Material for this exercise:

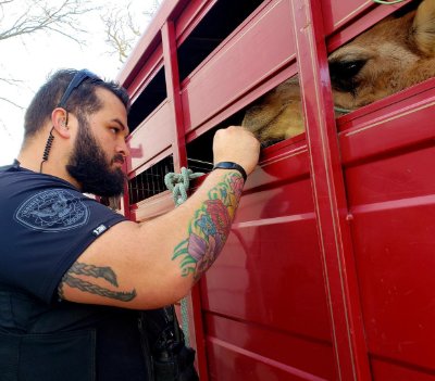 People in the area searched for the elusive animal until 2 a.m., but failed to locate the camel. It was sighted running during the afternoon of the next day. Officers cornered the camel and tied her to a tree until the owners retrieved her with their trailer.
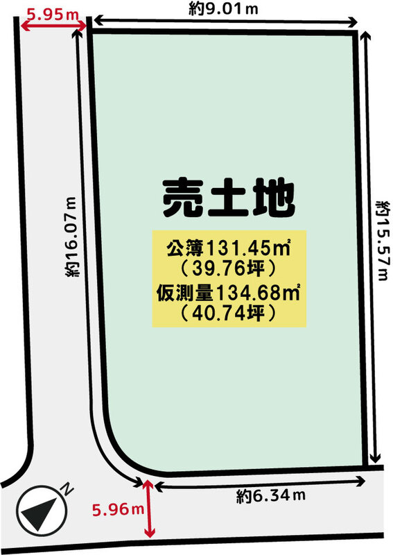 | 建物面積 | - | 土地面積 | 131.45m2(39.76坪)(仮測量面積134.68m2) |
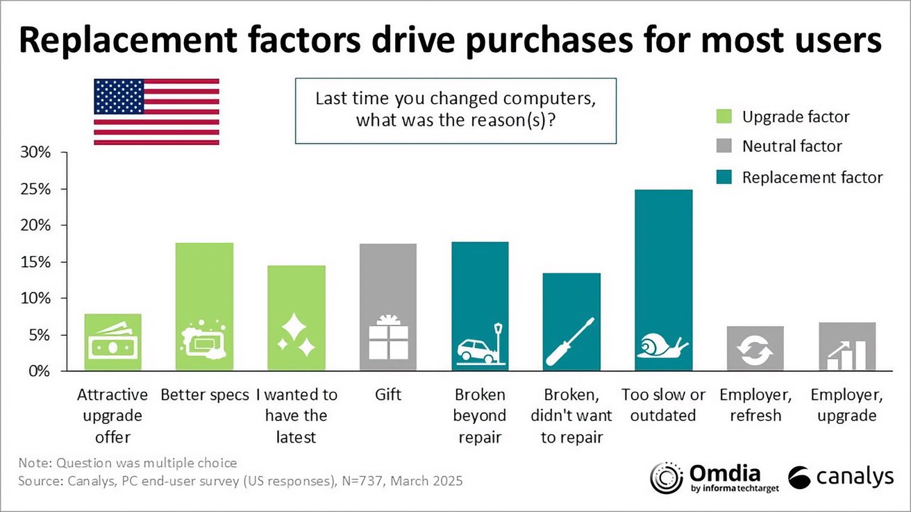 New shipment estimates by supply chain analysts suggest that Apple may have gained computing marketshare in the first quarter of 2025, but the report ignores that shipments aren't sales, and Apple stuffed the channel with hardware ahead of tariff impacts.
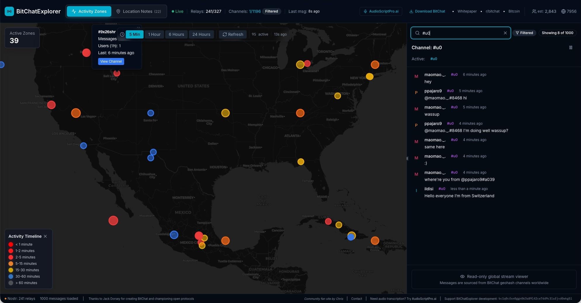 Um diesen wichtigen Unterschied zwischen der lokalen Nutzung und der Internetnutzung von Bitchat besser zu verstehen, können Sie eine der öffentlichen Karten der Benutzer konsultieren, beispielsweise die, die in Echtzeit aktualisierter Form verfügbar ist unter Bitchatexplorer.com. Dort können Sie Benutzer sehen, die Bitchat für die Fernkommunikation verwenden, und Sie können ihre öffentlichen Gespräche lesen.
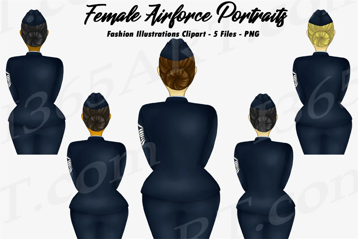 This set contains 5 hand drawn illustrations of air force women vets. Can be used in various projects including planner stickers, stationary, scrapbooking, party invitations, crafts, decorations and more!
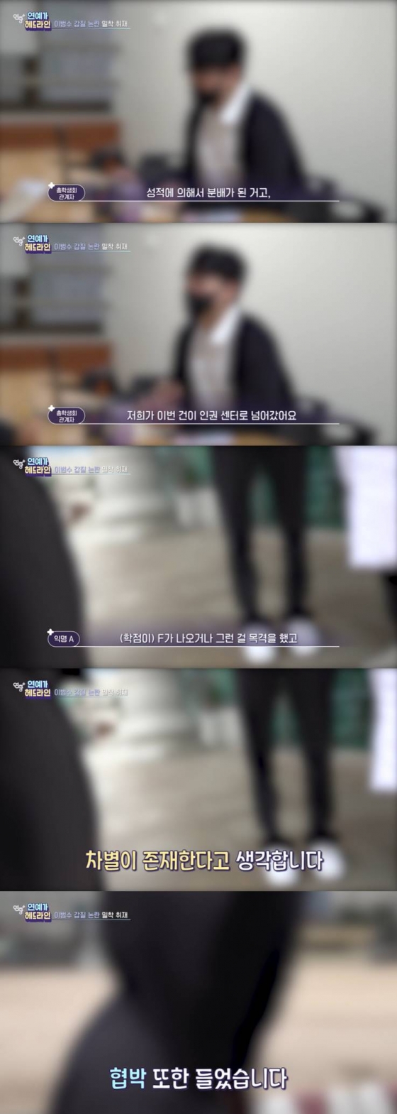 '연중' 제작진은 재학생들에게 이범수 사태에 대해 아냐고 물었지만 재학생들은 대부분 "잘 모르겠다"고 말했다. 이 가운데 익명의 학생은 "확실히 어떤 학생은 출석도 제대로 하고 과제를 온전히 제출했는데 F가 나온 걸 목격했다"며 "어떤 학생은 과제도 제대로 안 내고 출석도 온전하지 않았는데 A를 받거나 높은 성적을 받아서 차별이 존재한다고 생각한다"고 주장했다.

Action item: Please restate exactly the lines from the one containing "This set contains" down to the end of the material, both ends kept, and do not include the pictures.

Response area:
 This set contains 5 hand drawn illustrations of air force women vets. Can be used in various projects including planner stickers, stationary, scrapbooking, party invitations, crafts, decorations and more!
 '연중' 제작진은 재학생들에게 이범수 사태에 대해 아냐고 물었지만 재학생들은 대부분 "잘 모르겠다"고 말했다. 이 가운데 익명의 학생은 "확실히 어떤 학생은 출석도 제대로 하고 과제를 온전히 제출했는데 F가 나온 걸 목격했다"며 "어떤 학생은 과제도 제대로 안 내고 출석도 온전하지 않았는데 A를 받거나 높은 성적을 받아서 차별이 존재한다고 생각한다"고 주장했다.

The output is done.